Computational Complexity Drawing a single sample from a rank constrained Dvine with uniform marginals using Metropolis Hastings algorithm entails time complexity of \(O(M^2)\) with the chosen proposal. Hence, time complexity for a single Gibbs sweep in our algorithm is \(O(M^2 N)\) due to the quadratic complexity of sampling the \(U_{i,.}\) variables for each of the N samples and the sampling for parameters and families of \(M \atopwithdelims ()2\) pair copulas.

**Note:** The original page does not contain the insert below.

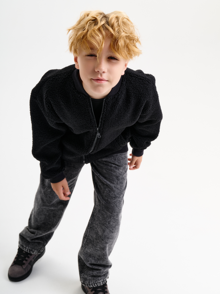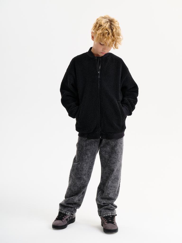 Трикотажный бомбер из бербер-флиса. Такой флис еще называют тедди, чебурашка, барашек. Мягкая кофта оверсайз застегивается на молнию. По переду два глубоких прорезных кармана. Воротник, манжеты рукавов и манжет низа выполнены из декоративной рибаны. Плюшевая толстовка из искусственного меха утеплена флисовым подкладом, благодаря чему ее можно носить в прохладную погоду весной и осенью. Универсальные цвета подойдут для повседневной носки в школу и на прогулку. Широкая размерная линейка подойдет как малышам так и подросткам.

A popular technique to reduce the complexity of vine inference is truncation (Joe 2014) where all copulas beyond a certain level in the vine structure are assumed to be independence copulas. This can potentially lead to linear complexity per sampling step per data point. Our algorithm can be extended for truncated vines but we do not investigate this further in this paper.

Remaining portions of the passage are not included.